Posts Tagged ‘Stock Market’

All is OK when it comes to the stock market. Wall Street is urging you to jump in with both feet and get fully invested. The market is going to the moon. Foreclosure mess? Not a problem says the street. Unemployment? We are already use to it and not a problem. Just name the problem and you get the same answer. I guess to be fair the same could be said for anyone holding the same position as I. At some point, however, the risk tips the scale.

I would look at jumping into this market as the opportunity to run down the prosperity with your neighbor who has been making big bucks in the market. Just have one question when it comes to running after your neighbor. What if you are running down a road that eventually leads to a steep drop-off?

OK, candidly, I have not been right on this current advance at all. However, something could be occurring right now that is characteristic of how most big advances end. In the world of managed money and technical analysis it is called a “blow-off” top.

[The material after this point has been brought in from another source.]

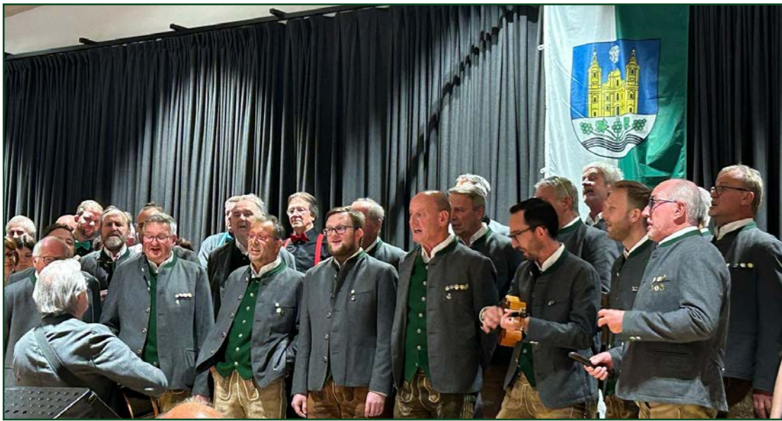
Der MGV beim Regional-singen in St. Nikolai/Dr.

Gemeinsam mit neun weiteren Chören sorgte der MGV für beste Unterhaltung in der ausverkauften ZIB - Halle.

A “blow-off top” is defined as a rapid increase in price of the stock market that precedes a steep drop in price. It doesn’t always have to precede a change in direction. However, in many cases it does.

Playing blackjack, poker, etc., offers a great example of what this looks like. You get a hot-hand at the blackjack or poker table and feel like you are invincible. You are winning hand after hand. Then you start to lose a hand or two and then the trend reverses. After you know it, you have given back all that you won. The house always wins.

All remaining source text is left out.